# OPTIMAL-EM: Accessibility and Complexity Analysis Pipeline

This notebook processes a set (target population) of HTML files to perform accessibility analysis using Pa11y with the Axe runner, and complexity analysis. It extracts features from the HTML content, performs dimensionality reduction and clustering, and calculates correlation matrices between accessibility barriers and complexity metrics.


## Notes

- **External Dependencies**:
  - Check the import statements to ensure that all required libraries are installed. 
  - **Pa11y**: Ensure that Pa11y is installed and accessible in your environment.
    - Install [Pa11y](https://github.com/pa11y/pa11y): `npm install -g pa11y`
    - Ensure the Axe runner is available: Pa11y uses [htmlcs](https://github.com/squizlabs/HTML_CodeSniffer) for accessibility checks by default.
- **Data Paths**:
  - Update `HTML_PATH` if your HTML files are located in a different directory.
  - Update `DATA_FILE` if you wish to save the processed data to a different location.
- **Visualisation**:
  - The code generates plots using Matplotlib and Seaborn.
- **Re-running Accessibility Analysis**:
  - Set `rerun_accessibility=True` in `process_accessibility_results()` if you want to run a re-analysis of accessibility results (e.g. this is your first time running the notebook or you have updated the HTML files).


In [None]:
import os
import subprocess
import json
from collections import Counter
from collections.abc import Callable
from concurrent.futures import as_completed, ProcessPoolExecutor
from typing import Any

import pandas as pd
import matplotlib.pyplot as plt
import seaborn as sns
from bs4 import BeautifulSoup
from sklearn.cluster import DBSCAN
from sklearn.feature_extraction.text import CountVectorizer
from sklearn.manifold import TSNE
from sklearn.preprocessing import StandardScaler

## Constants:

- **HTML_PATH**: The path to the folder containing the HTML files.
- **DATA_FILE**: The path to save the processed data.
- **RICH_CONTENT_TAGS**: A list of HTML tags considered as rich content.
- **INLINE_TAGS**: A list of inline elements.

In [None]:
# The path to the folder containing the HTML files:
HTML_PATH = 'pages/res/'

# The path to save the processed data:
DATA_FILE = 'collected_data_step2_ec.json'

RICH_CONTENT_TAGS = ['a', 'audio', 'button', 'canvas', 'embed', 'iframe', 'img', 'input', 'keygen', 'label', 'math',
                     'object', 'select', 'svg', 'textarea', 'video']

INLINE_TAGS = [
    'a', 'abbr', 'acronym', 'b', 'bdo', 'big', 'br', 'button',
    'cite', 'code', 'dfn', 'em', 'i', 'img', 'input', 'kbd', 'label',
    'map', 'object', 'output', 'q', 'samp', 'script', 'select',
    'small', 'span', 'strong', 'sub', 'sup', 'textarea', 'time', 'tt', 'var'
]

## Helper Methods

### `get_html_structure(soup)`

Returns all HTML tags in a string format (e.g., `'head meta div div div'`).

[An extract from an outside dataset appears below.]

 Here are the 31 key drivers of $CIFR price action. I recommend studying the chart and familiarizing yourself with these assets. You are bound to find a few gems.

### `get_html_block_structure(soup)`

Returns only block-level HTML tags in a string format, excluding inline tags (e.g., `'div div div'`).


In [None]:
def get_html_structure(soup):
    """Returns the HTML tags in a string, e.g., 'head meta div div div'."""
    tags = " ".join(tag.name for tag in soup.find_all())
    return tags

def get_html_block_structure(soup):
    """Returns only block-level HTML tags in a string, e.g., 'div div div'."""
    tags = " ".join(tag.name for tag in soup.find_all() if tag.name not in INLINE_TAGS)
    return tags

## Compute Accessibility Results

### `get_accessibility_results(filename, output)`

Computes the accessibility results based on impact levels for a given HTML file using Pa11y output. Axe produces accessibility results categorised as critical, serious, moderate, or minor.

In [None]:
def get_accessibility_results(filename: str, output: list[dict[str, dict[str, str]]]) -> list[int]:
    """
    Computes the accessibility results based on impact levels for a given .html file.
    Axe produces accessibility results categorised as critical, serious, moderate, or minor.

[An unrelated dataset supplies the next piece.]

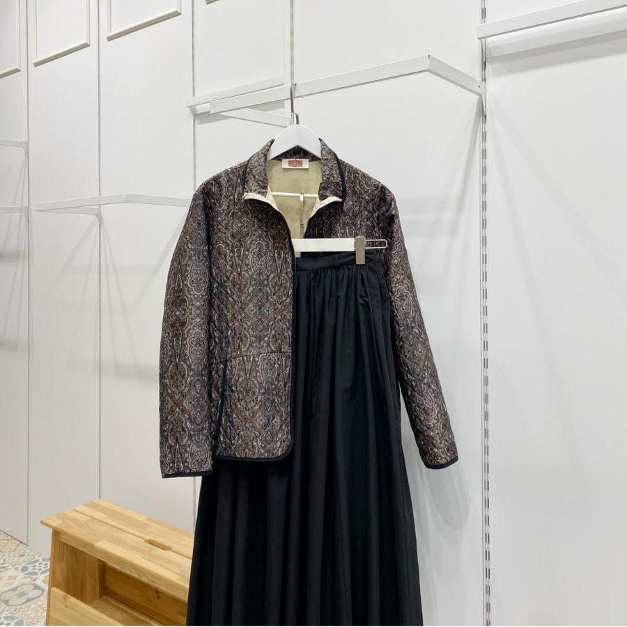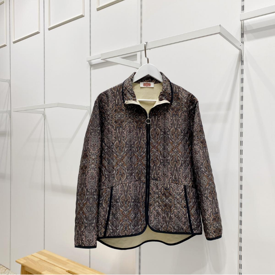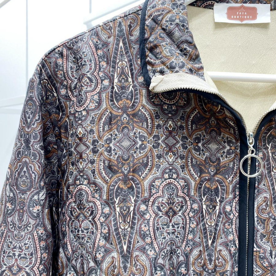 Fermuarlı Gri Etnik Desenli Kapitone Ceket

    :param filename: str: The name of the .html file. Used for logging.
    :param output: list[dict[str, dict[str, str]]]: The list of barriers, each containing a 'runnerExtras' key with an
        'impact' field.
    :return: list[int, int, int, int]: Counts of barriers categorised as [critical, serious, moderate, minor].
    """
    print(f"Calculating accessibility for {filename}:")

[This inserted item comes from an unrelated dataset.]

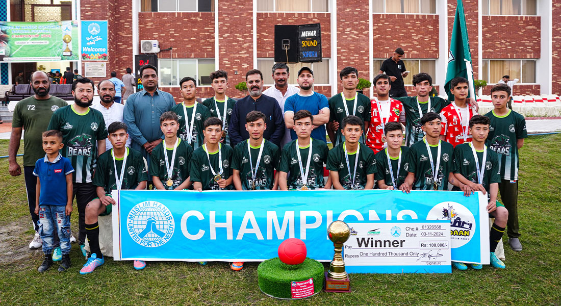 مسلم ہینڈز اسکولز نیشنل فٹ بال چیمپئن شپ میں ملک بھر سے12 ٹیموں نے حصہ لیا جس میں، پشاور ٹائیگرز، کوئٹہ بیئرز، راولاکوٹ ایگلز ، وزیر آباد فالکن، بھیرہ مارخور، سوہدرہ سپارٹن، لاہور لائنز، اسلام آباد پینتر، باغ اسٹیلن ،کوٹلی واریئرز، بالاکوٹ وولفو،گجر خان لیپٹس شامل تھی۔ ایونٹ میں مجموع طور پر 20 میچز کھیلے گئے۔

    impacts = [issue['runnerExtras']['impact'] for issue in output]
    impact_counter = Counter(impacts)

    return [
        impact_counter.get('critical', 0),
        impact_counter.get('serious', 0),
        impact_counter.get('moderate', 0),
        impact_counter.get('minor', 0)
    ]

In [None]:
def process_html_file(filename: str) -> dict[str, Any]:
    """
    Processes a single HTML file for accessibility results and HTML content.

    :param filename: str: The name of the HTML file to process.
    :return: dict[str, Any]: A dictionary containing filename, accessibility results, and HTML content.
    """
    file_path = os.path.join(HTML_PATH, filename)
    print(f"Processing: {filename}")

    # Run Pa11y as a subprocess with Axe runner:
    process = subprocess.Popen(
        ['pa11y', '--runner', 'axe', '--reporter', 'json', file_path],
        stdout=subprocess.PIPE,
        stderr=subprocess.PIPE,
        universal_newlines=True
    )

    try:
        stdout_line = process.stdout.readline().strip()
        if not stdout_line:
            accessibility_results = [0, 0, 0, 0]
        else:
            pa11y_output = json.loads(stdout_line)
            accessibility_results = get_accessibility_results(filename, pa11y_output)
    except (json.JSONDecodeError, Exception) as e:
        print(f"Error processing Pa11y output for {filename}: {e}")
        accessibility_results = [0, 0, 0, 0]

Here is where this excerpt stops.